Files

86 lines
3.7 KiB
Markdown

# qwen235b-thinking-decode-0323
qwen3-235b-a22b `thinking` trace, `decode_only` mode, internal vLLM (`/usr/local/bin/vllm`), tuned on `thinking_w20260323_1000` with `TPOT <= 40ms`.
## Setup
- Hardware: `dash2`, `8x H20`
- Model: `/home/admin/resource/model/464482ce.qwen3-235b-a22b/256k-0717`
- Engine: internal vLLM, decode-only mode with `--kv-transfer-config {"kv_connector":"DecodeBenchConnector","kv_role":"kv_both"}`
- Baseline topology: `TP=4, DP=2, EP=8`
- Trace: `thinking_w20260323_1000`
- Trace source: `trace_windows/traces/thinking_w20260323_1000.jsonl`
- Window duration: `600s` (`10:00-10:10`, `2026-03-23`)

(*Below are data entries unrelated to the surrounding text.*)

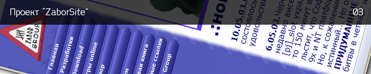 Довольно объёмный сайт существовавшей в те времена созданной мной творческой группы разработчиков "Zabor Group". Сделан с любовью, онлайн играми, чатом, гостевой книгой и т.д. Особенно рекомендую зайти в до сих пор корректно работающий раздел игр и приобщиться к чудесным творениям онлайн флеш развлечений тех далёких лет.
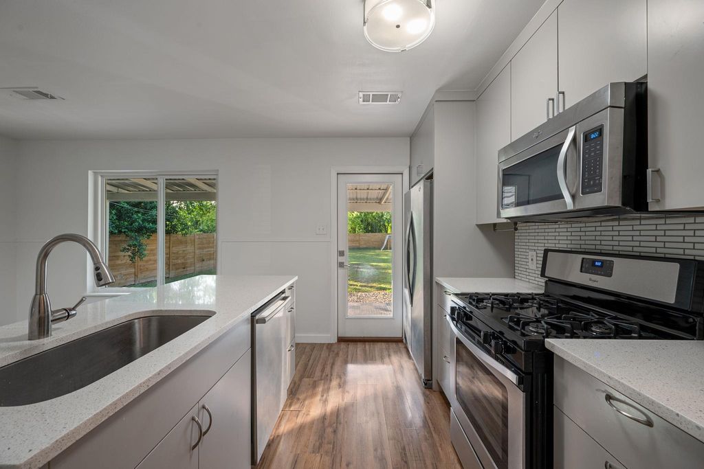 Welcome to the heart of 78704"”Austin's most vibrant and desirable zip code! Nestled on a lush .28-acre lot, this updated South Austin gem offers the ideal mix of charm, modern style, and functionality. This 3-bedroom, 2-bath home features a light-filled open floor plan with designer touches throughout. The living room opens up to the kitchen, which features sleek quartz countertops, stainless steel appliances, a spacious breakfast bar, and a cozy eat-in area"”perfect for morning coffee or dinner with friends. Adjacent is a convenient laundry/mud room for added storage and ease. The two generously sized bedrooms and both full bathrooms have been tastefully updated with modern finishes, offering comfort and style in every detail. Wander outside to your private backyard oasis"”an expansive retreat ideal for entertaining, gardening, or simply relaxing under the Austin sky. Bonus alert! A detached ~192 sq ft studio/office with A/C and heat provides the perfect space for remote work, art, or guest overflow"”plus an attached 8x11 storage space to keep things organized. Recent upgrades include a roof, high-end Bryant Evolution variable-speed HVAC system with REME HALO whole-house UV air purification, new front gutters, tankless water heater, newer energy-efficient windows, and a brand-new Bosch dishwasher. Feeding into highly acclaimed schools"”Zilker Elementary, O. Henry Middle, and Austin High"”this home offers the ultimate in location, lifestyle, and livability. Just minutes from South Lamar, Zilker Park, Barton Springs, and all the iconic eateries and hotspots that make 78704 legendary. Don't miss your chance to own a slice of classic Austin charm with modern upgrades in one of the city's most coveted neighborhoods!
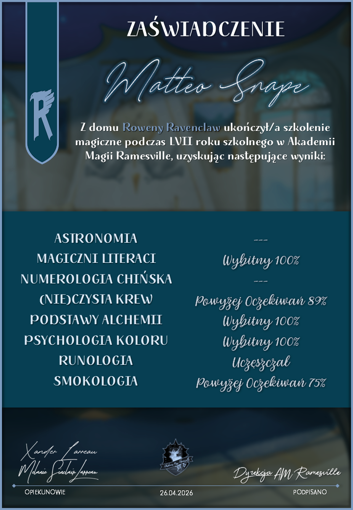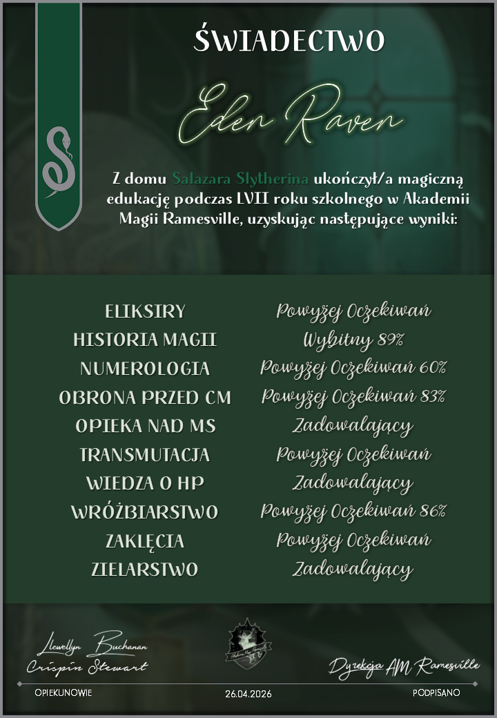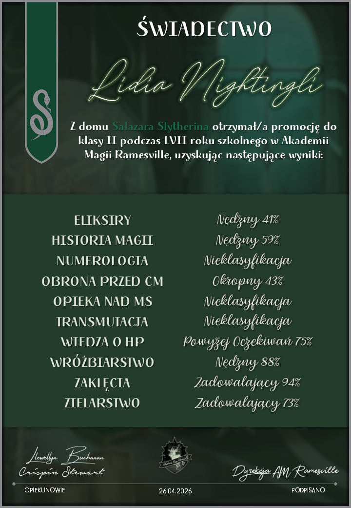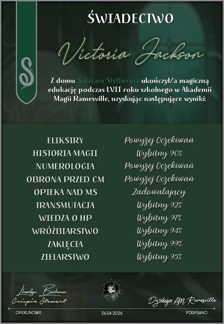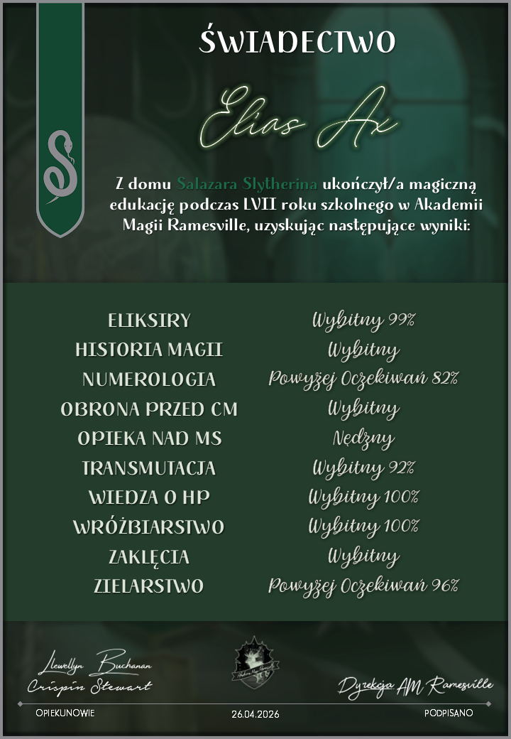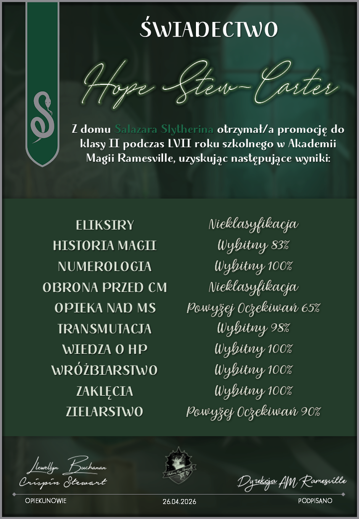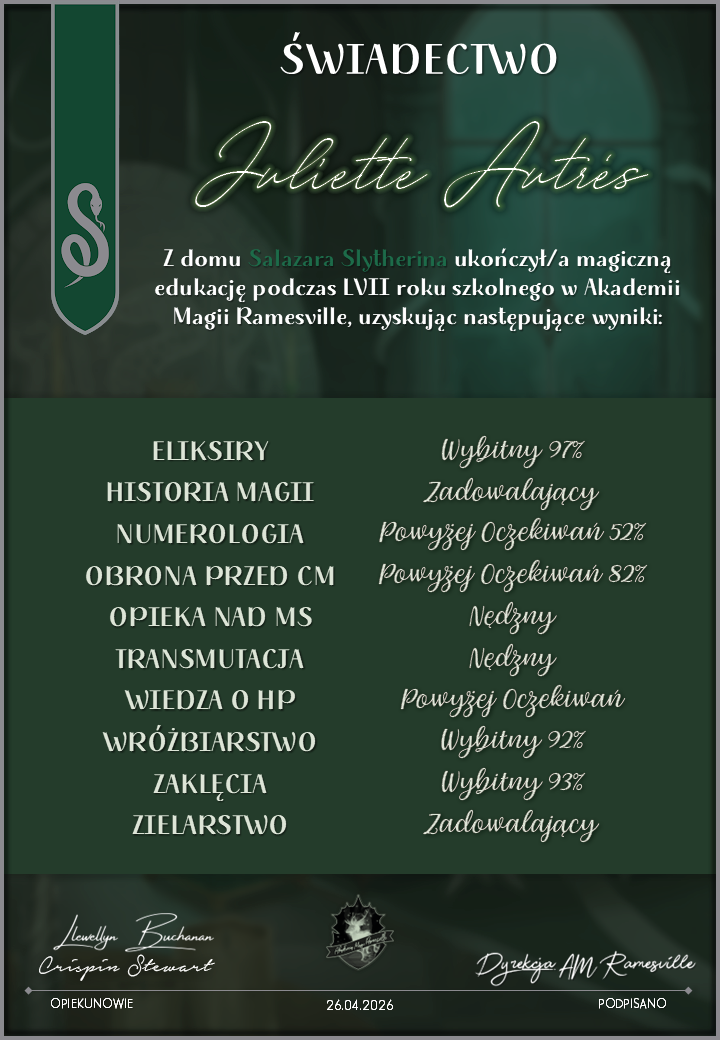 - [S] Agusia Slytherin - Wybitny (śr. 6,0 egz. 95%)
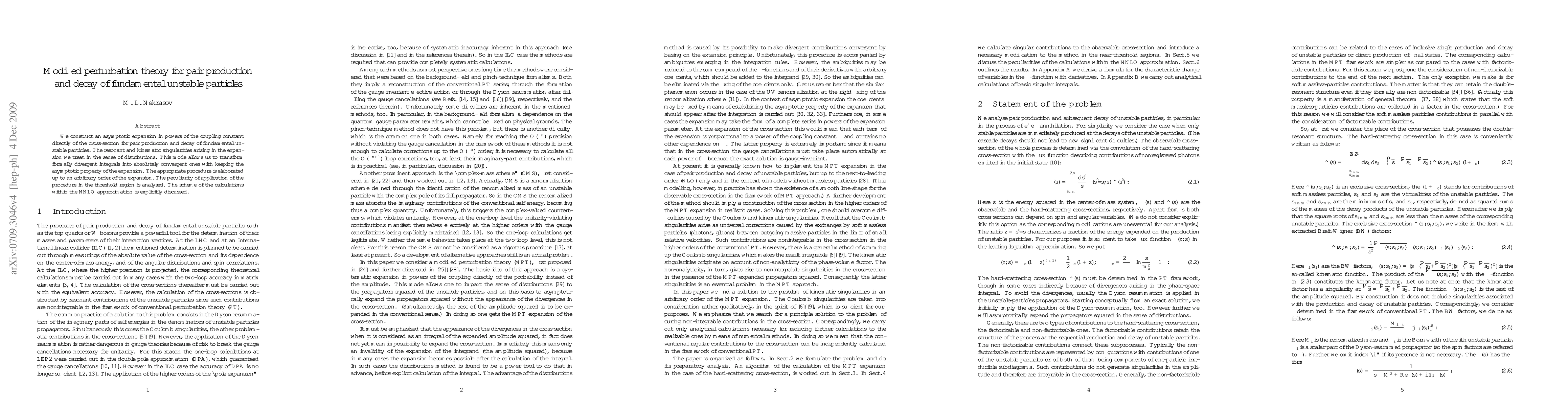 We construct an asymptotic expansion in powers of the coupling constant directly of the cross-section for pair production and decay of fundamental unstable particles. The resonant and kinematic singularities arising in the expansion we treat in the sense of distributions. This mode allows us to transform formally divergent integrals into absolutely convergent ones with keeping the asymptotic property of the expansion. The appropriate procedure is elaborated up to an arbitrary order of the expansion. The peculiarity of application of the procedure in the threshold region is analysed. The scheme of the calculations within the NNLO approximation is explicitly discussed.
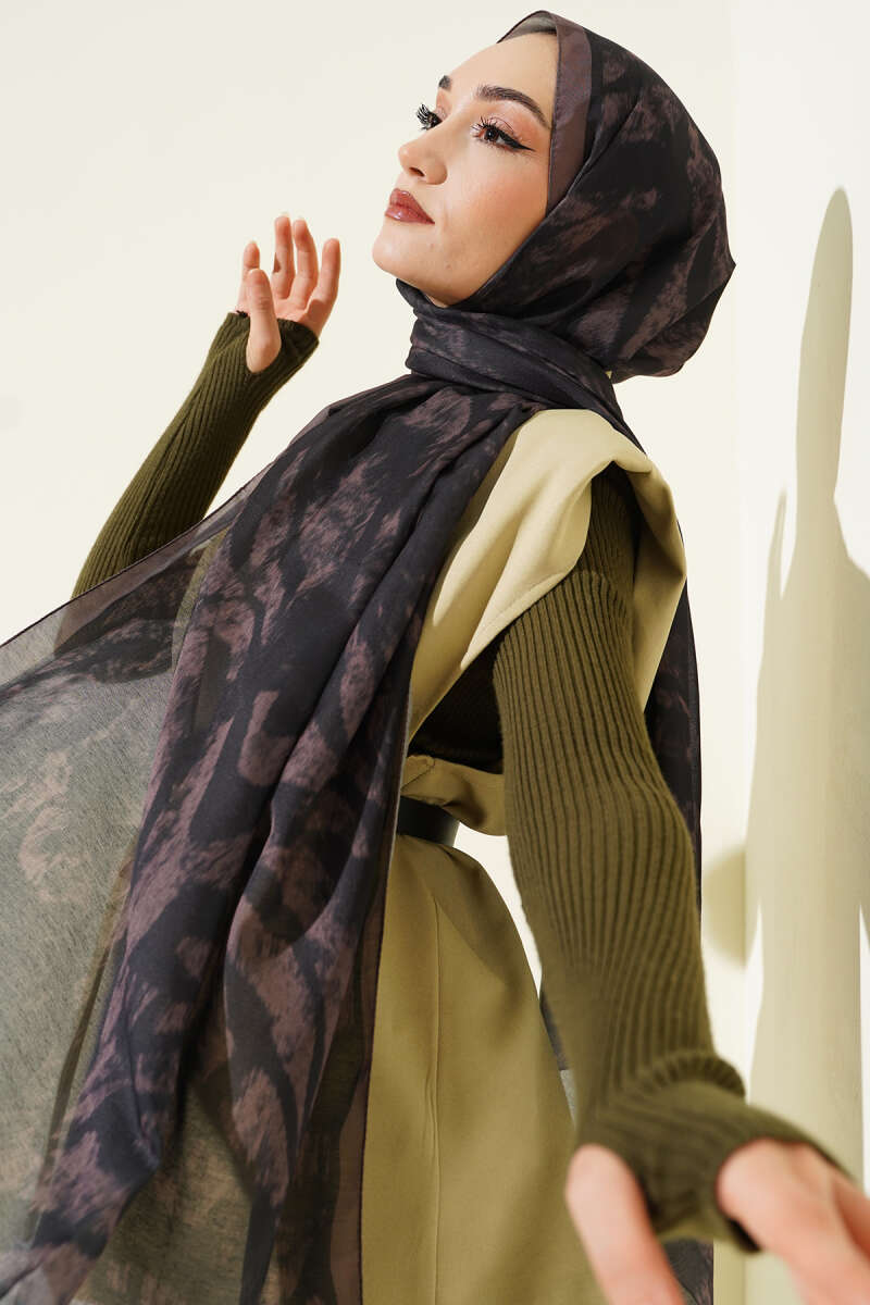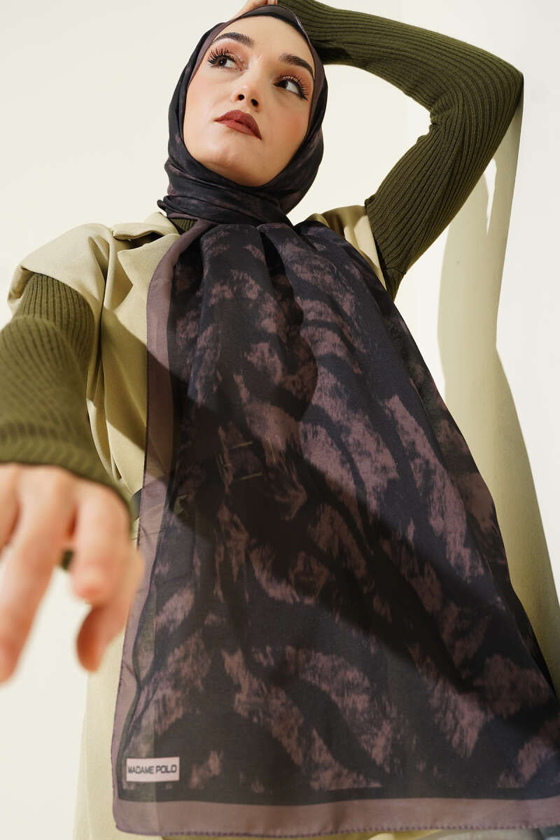 Bel Lastikli Desenli Mevlana Elbise Siyah
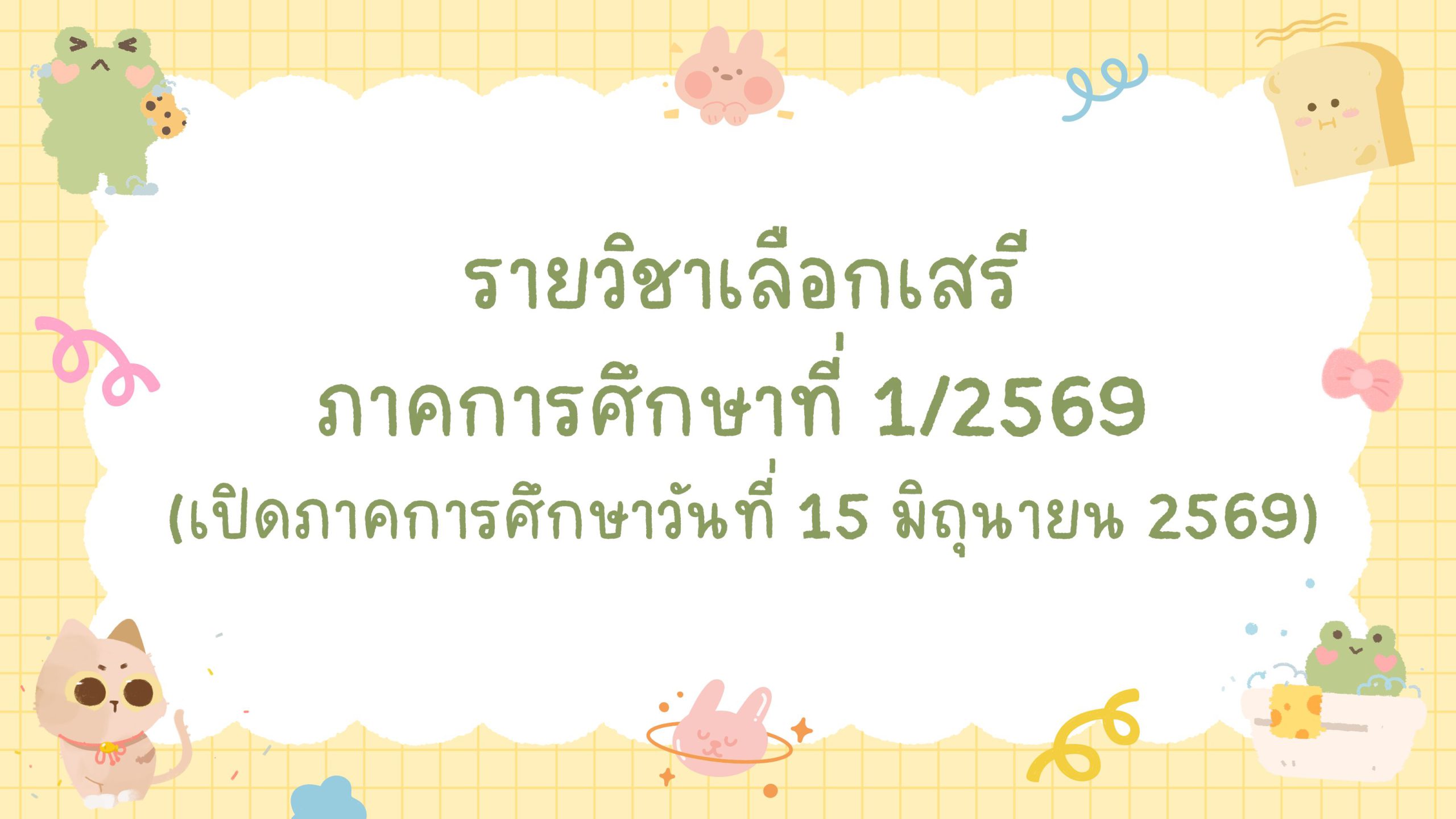 รายวิชาเลือกเสรีภาคการศึกษาที่ 1/2569 (เปิดภาคการศึกษาวันที่ 15 มิถุนายน 2569)Download…
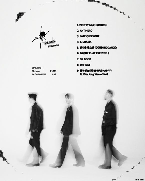 에픽하이(타블로, 투컷, 미쓰라)는 지난 10일 공식 SNS를 통해 신보 'PUMP(펌프)'의 트랙리스트 이미지를 공개했다.
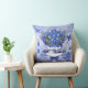 A throw pillow with a print of an antique porcelain cup filled with blue flowers and butterflies against an antique lace background. Looks great as a pair with Blue Porcelain Birds and Birdcage pillow.
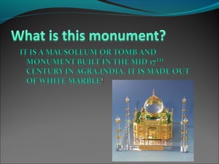 The Taj Mahal is located in Agra, India and was built between 1631 and 1648 by the Mughal emperor Shah Jahan as a mausoleum for his favorite wife. It took over 20 years to construct using 1,000 elephants and 22,000 workers and was designed to be a symbol of Shah Jahan's love for his wife. The emperor was deeply grieved by his wife's death and ordered his court to mourn for two years.
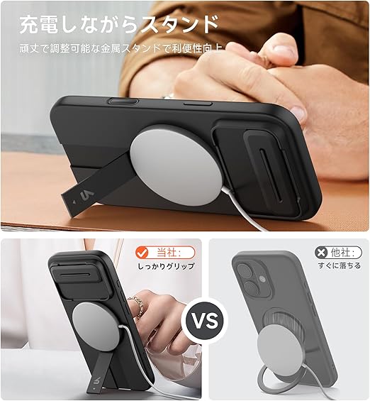 SURITCH 磁気ケースiPhone Airと互換性 とカメラ保護カバー&カメラコントロールボタン&と調整可能なスタンド 傷防止耐衝撃保護カバーiPhone 17 Air用 (ブラック) a
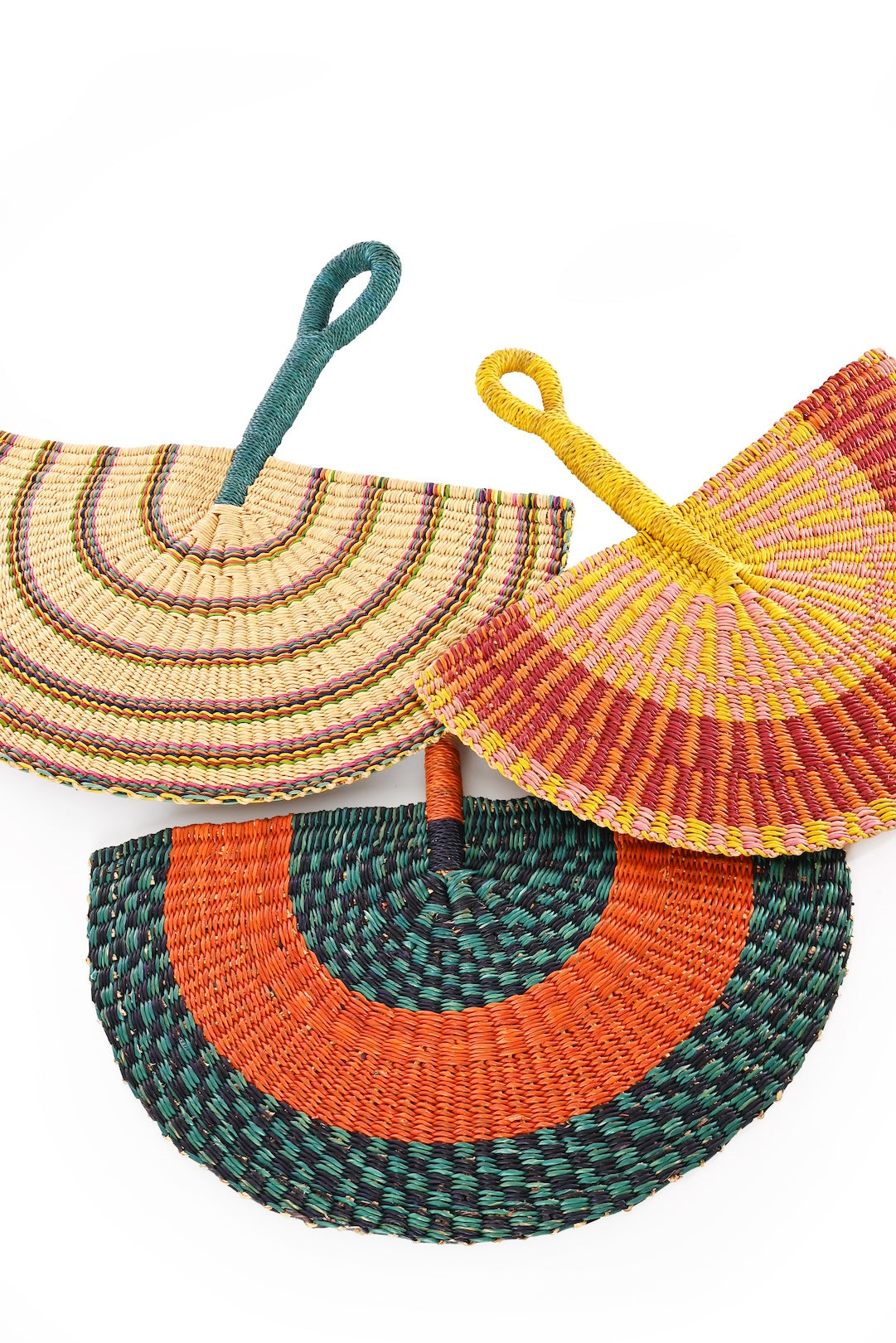Talented weavers in Ghana's northern Bolgatanga region craft beautiful half-moon shaped hand fans from natural and dyed elephant grass. The fan doubles as wall art when not in use.

- Request mode: `decode_only`
- SLO:
- pass target: `95%`
- `TPOT <= 40ms`
- `TTFT` not enforced
- Search:
- `sampling_u in [0, 0.125]`
- `max_probes = 6`
- `12` trials total
- Proposal model: `codex / gpt-5.4`
## Run assets
- Study root: `/home/admin/cpfs/wjh/aituner/aituner/.aituner-decode/dash2-qwen235b-decode-thinking-run1-0323-tpot40-topology`
- State: `/home/admin/cpfs/wjh/aituner/aituner/.aituner-decode/dash2-qwen235b-decode-thinking-run1-0323-tpot40-topology/state.json`
- Spec: `/home/admin/cpfs/wjh/aituner/aituner/.aituner-decode/specs/dash2_qwen235b_decode_thinking_run1_0323_tpot40_topology.json`
## Best result
- Best trial: `trial-0007`
- Best config delta:
- `gpu-memory-utilization=0.86`
- Best topology stayed unchanged:
- `tensor-parallel-size=4`
- `data-parallel-size=2`
- `expert-parallel-size=8`
- Best `sampling_u`: `0.033736228943`
- Best request rate: `0.48333333333333334 req/s`
- Best request rate per GPU: `0.06041666666666667 req/s/gpu`
- Best pass rate: `0.9551724137931035`
Compared with baseline:
- `trial-0001`: `0.43333333333333335 req/s`, `0.05416666666666667 req/s/gpu`
- `trial-0007`: `0.48333333333333334 req/s`, `0.06041666666666667 req/s/gpu`
- Throughput gain: `1.12x`
Best-point latency:
- `TPOT mean/p50/p90/p95/p99 = 26.18 / 24.04 / 38.46 / 39.55 / 40.76 ms`
## 12-trial summary
| Trial | Proposed config delta | Result |
| --- | --- | --- |
| `trial-0001` | baseline `TP4/DP2/EP8` | `0.4333 req/s`, feasible |
| `trial-0002` | `EP=4` | launch fail |
| `trial-0003` | `gpu-memory-utilization=0.8`, `max-num-seqs=224` | infeasible |
| `trial-0004` | `gpu-memory-utilization=0.8` | infeasible |
| `trial-0005` | `gpu-memory-utilization=0.82` | `0.4650 req/s`, feasible |
| `trial-0006` | `gpu-memory-utilization=0.84` | infeasible |
| `trial-0007` | `gpu-memory-utilization=0.86` | `0.4833 req/s`, feasible, best |
| `trial-0008` | `gpu-memory-utilization=0.87` | infeasible |
| `trial-0009` | `gpu-memory-utilization=0.86`, `block-size=32` | launch fail |
| `trial-0010` | `gpu-memory-utilization=0.86`, `max-num-seqs=208` | infeasible |
| `trial-0011` | `gpu-memory-utilization=0.86`, `max-num-seqs=176` | infeasible |
| `trial-0012` | `gpu-memory-utilization=0.86`, `max-num-batched-tokens=896` | infeasible |
## Key insights
- This `0323` window did not produce a better topology than the baseline. The winning move was a small memory-headroom increase, not a TP/DP/EP change.
- `EP=4` was not viable under the current deployment shape and failed at launch, so the run quickly converged away from topology changes.
- The best point is very close to the SLO edge: `TPOT p95 ~= 39.55ms`, so the remaining headroom is small.
- Compared with the heavier `0327` decode-only tuning, `0323` is a milder window: baseline is already strong, and tuning only adds about `11.5%`.
## Recommendation
For a `0323`-like decode-only `thinking` window, keep the baseline `TP4/DP2/EP8` topology and use:
- `gpu-memory-utilization=0.86`
Do not treat this run as evidence that `0323` prefers the same topology changes as `0327`; this study mainly supports a small residency-headroom refinement.